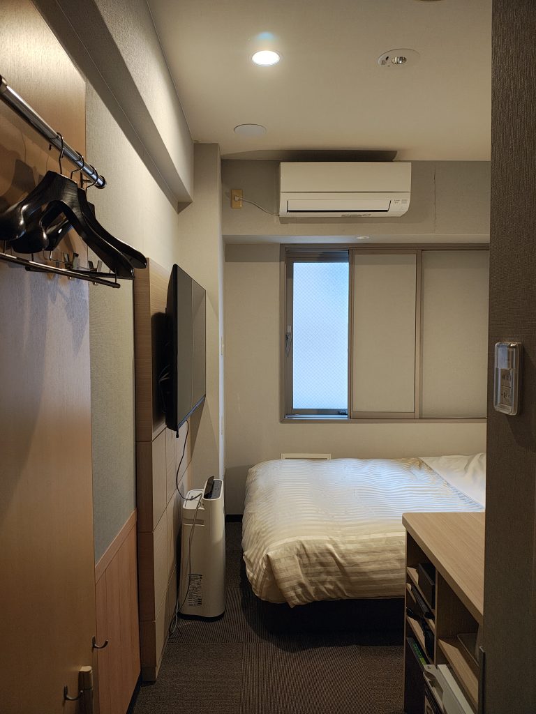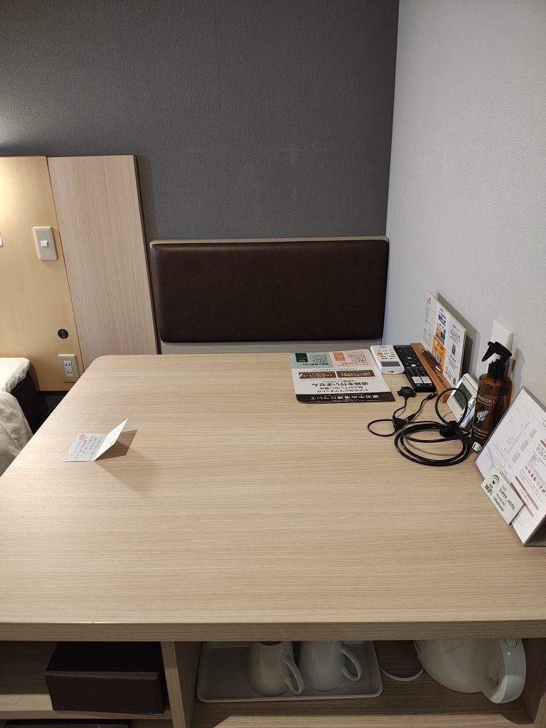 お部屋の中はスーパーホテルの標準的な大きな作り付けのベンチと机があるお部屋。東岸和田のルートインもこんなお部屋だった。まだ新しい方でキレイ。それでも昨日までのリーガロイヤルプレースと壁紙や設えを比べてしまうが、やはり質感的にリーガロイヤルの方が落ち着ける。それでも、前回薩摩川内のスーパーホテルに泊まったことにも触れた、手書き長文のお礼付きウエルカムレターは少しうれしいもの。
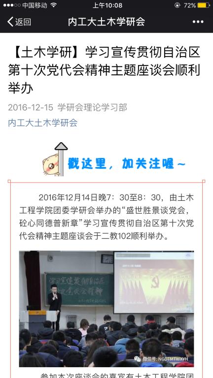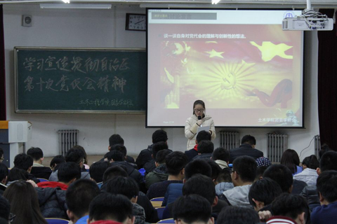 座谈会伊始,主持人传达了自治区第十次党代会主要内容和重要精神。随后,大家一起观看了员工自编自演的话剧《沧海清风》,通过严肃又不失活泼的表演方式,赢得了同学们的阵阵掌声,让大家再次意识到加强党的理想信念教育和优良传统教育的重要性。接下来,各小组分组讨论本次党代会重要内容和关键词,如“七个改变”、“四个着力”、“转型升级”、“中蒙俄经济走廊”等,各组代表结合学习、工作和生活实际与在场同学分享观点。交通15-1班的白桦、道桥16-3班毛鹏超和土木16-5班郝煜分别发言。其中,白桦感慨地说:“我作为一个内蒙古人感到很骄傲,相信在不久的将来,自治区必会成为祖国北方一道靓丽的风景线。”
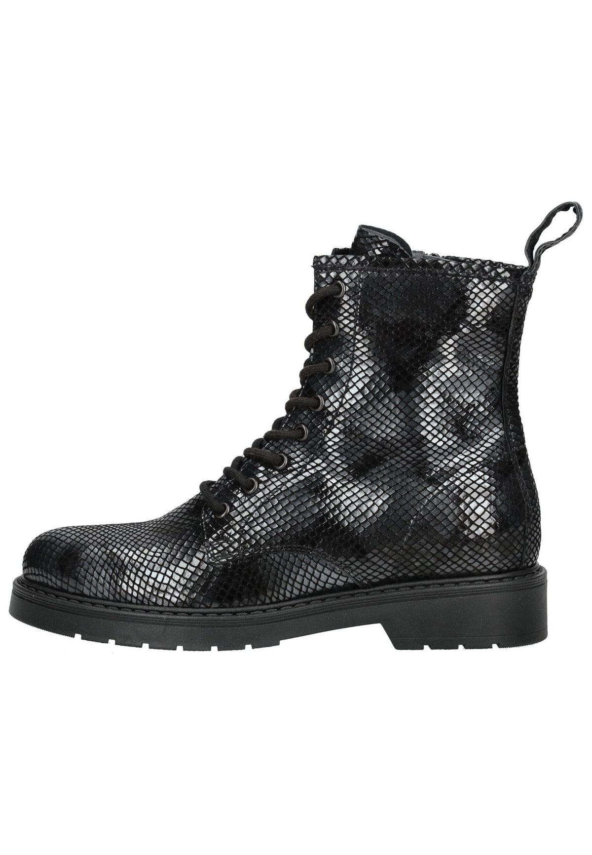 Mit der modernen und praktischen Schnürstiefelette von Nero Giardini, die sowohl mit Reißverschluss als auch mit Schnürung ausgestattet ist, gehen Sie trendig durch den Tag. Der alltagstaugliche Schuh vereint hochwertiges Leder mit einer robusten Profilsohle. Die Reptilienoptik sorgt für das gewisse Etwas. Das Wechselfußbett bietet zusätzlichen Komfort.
--
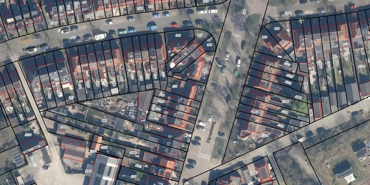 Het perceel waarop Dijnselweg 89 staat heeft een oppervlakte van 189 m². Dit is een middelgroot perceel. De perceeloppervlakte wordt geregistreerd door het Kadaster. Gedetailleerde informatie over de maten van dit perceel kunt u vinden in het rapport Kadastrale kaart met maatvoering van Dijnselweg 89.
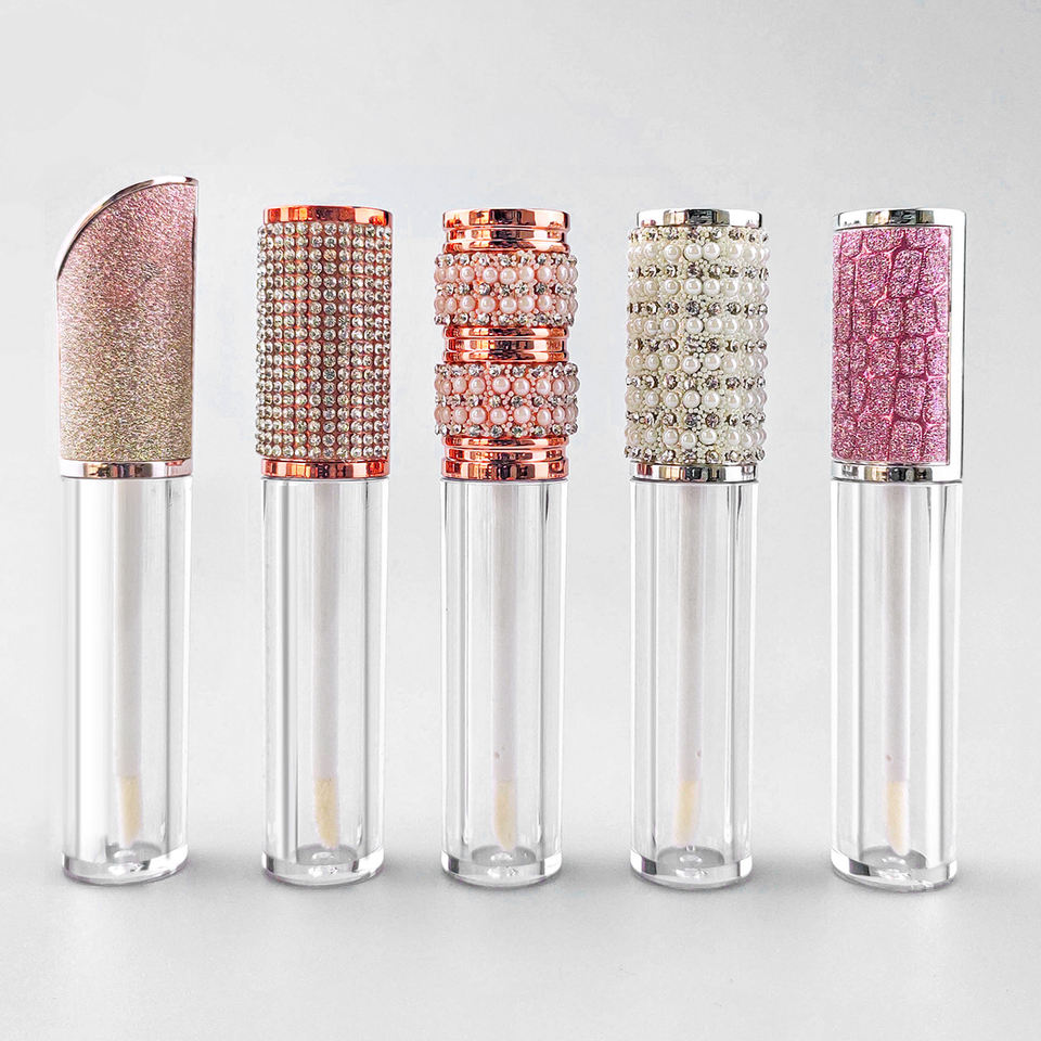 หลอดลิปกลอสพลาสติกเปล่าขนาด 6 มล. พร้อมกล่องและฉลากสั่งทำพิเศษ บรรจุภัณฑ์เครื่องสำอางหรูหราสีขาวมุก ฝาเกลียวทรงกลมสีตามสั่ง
--
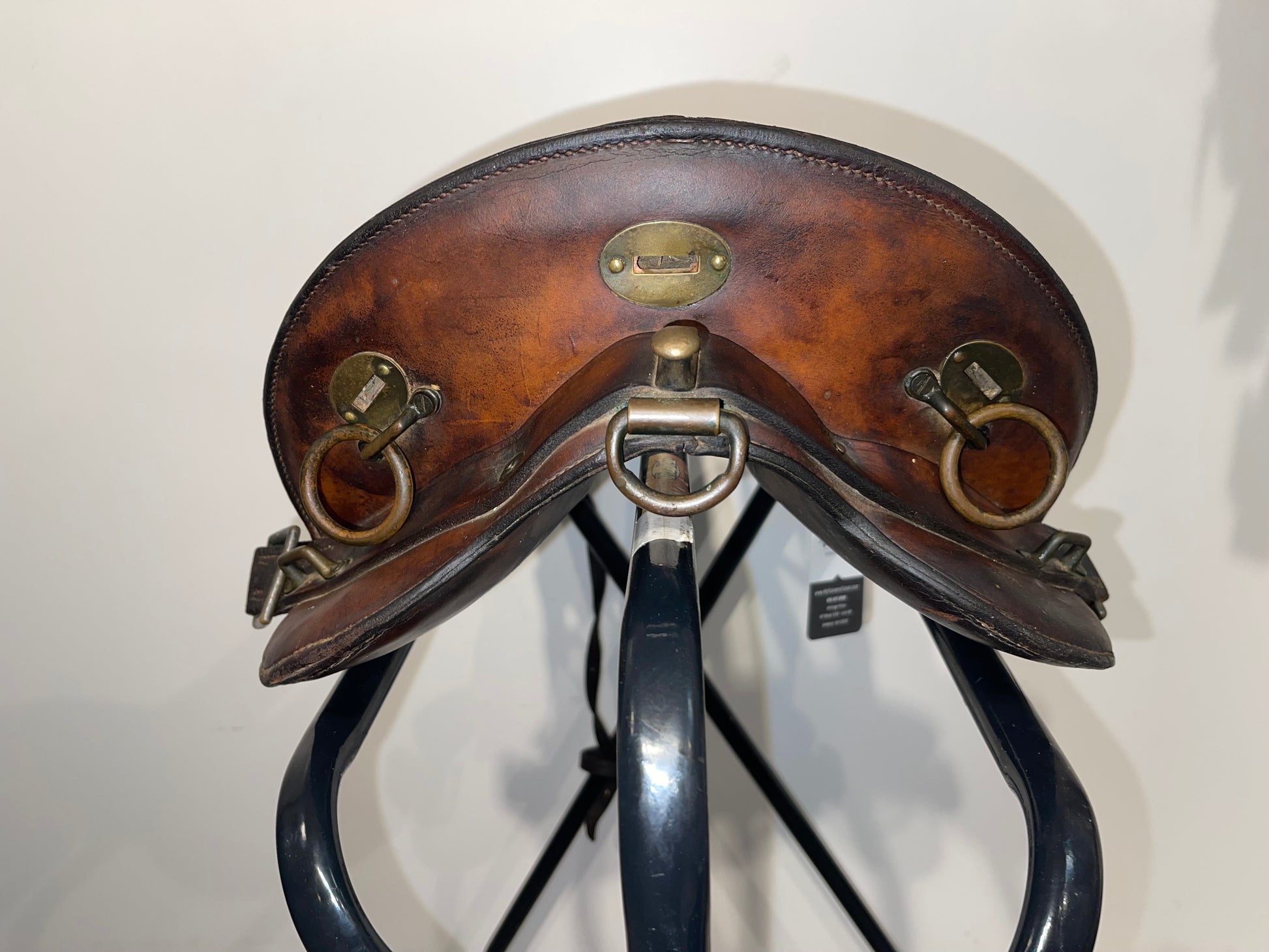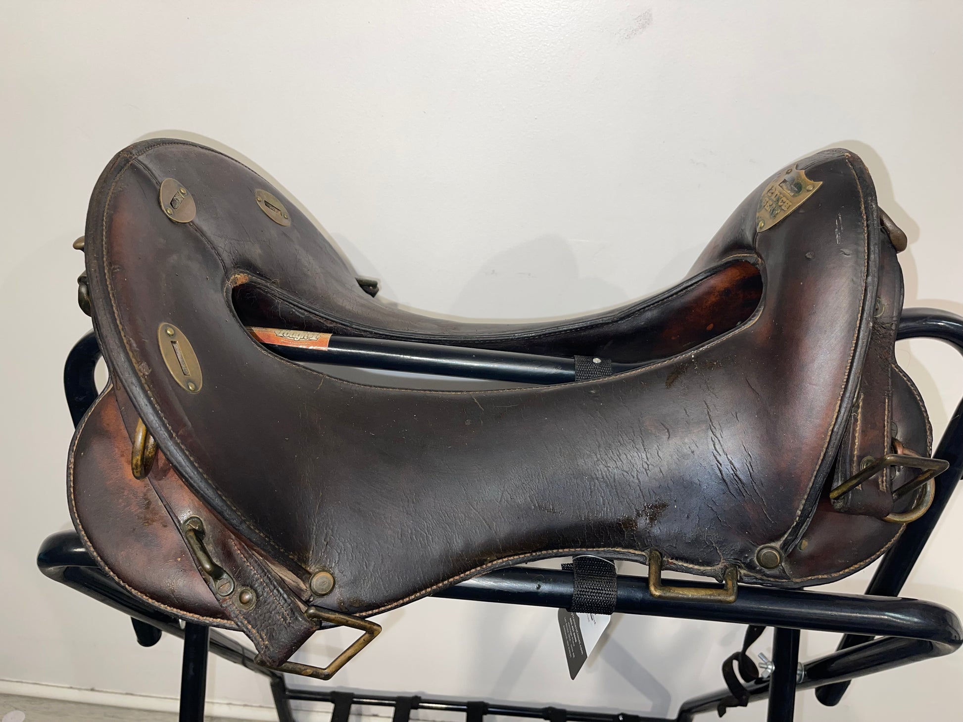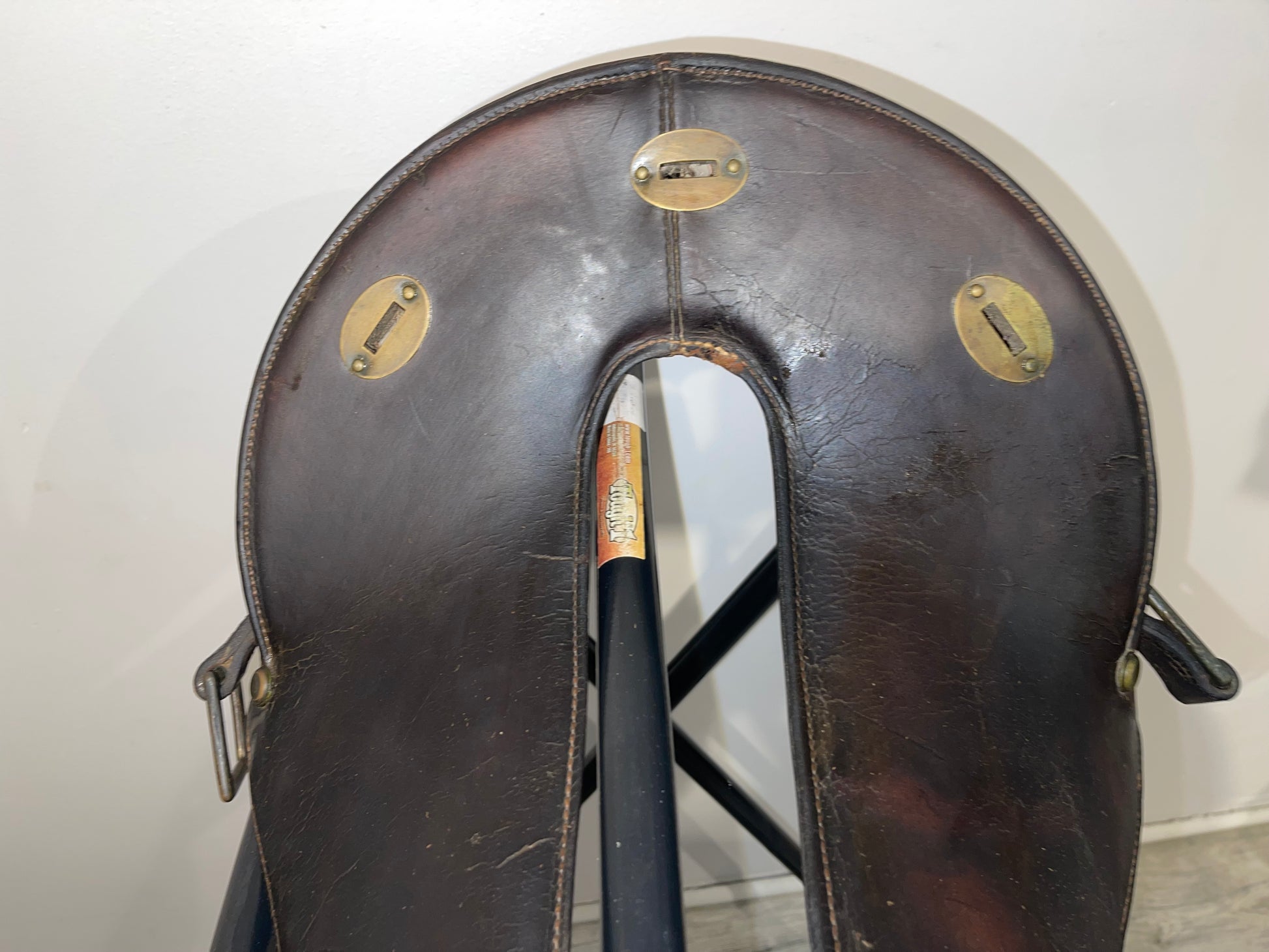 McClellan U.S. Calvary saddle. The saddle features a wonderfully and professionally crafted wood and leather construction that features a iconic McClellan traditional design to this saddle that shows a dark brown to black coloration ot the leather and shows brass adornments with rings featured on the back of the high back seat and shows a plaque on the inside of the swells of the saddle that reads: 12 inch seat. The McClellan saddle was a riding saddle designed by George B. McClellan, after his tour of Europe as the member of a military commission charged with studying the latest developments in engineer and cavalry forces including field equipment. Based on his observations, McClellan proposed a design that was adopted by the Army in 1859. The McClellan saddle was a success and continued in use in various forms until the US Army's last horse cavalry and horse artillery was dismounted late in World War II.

• [REQUIREMENT]
Using the data above, return the lines from the one holding "座谈会伊始,主持人传达了自治" through the one holding "Mit der modernen" exactly, but not the pictures.

• [SOLUTION]
 座谈会伊始,主持人传达了自治区第十次党代会主要内容和重要精神。随后,大家一起观看了员工自编自演的话剧《沧海清风》,通过严肃又不失活泼的表演方式,赢得了同学们的阵阵掌声,让大家再次意识到加强党的理想信念教育和优良传统教育的重要性。接下来,各小组分组讨论本次党代会重要内容和关键词,如“七个改变”、“四个着力”、“转型升级”、“中蒙俄经济走廊”等,各组代表结合学习、工作和生活实际与在场同学分享观点。交通15-1班的白桦、道桥16-3班毛鹏超和土木16-5班郝煜分别发言。其中,白桦感慨地说:“我作为一个内蒙古人感到很骄傲,相信在不久的将来,自治区必会成为祖国北方一道靓丽的风景线。”
 Mit der modernen und praktischen Schnürstiefelette von Nero Giardini, die sowohl mit Reißverschluss als auch mit Schnürung ausgestattet ist, gehen Sie trendig durch den Tag. Der alltagstaugliche Schuh vereint hochwertiges Leder mit einer robusten Profilsohle. Die Reptilienoptik sorgt für das gewisse Etwas. Das Wechselfußbett bietet zusätzlichen Komfort.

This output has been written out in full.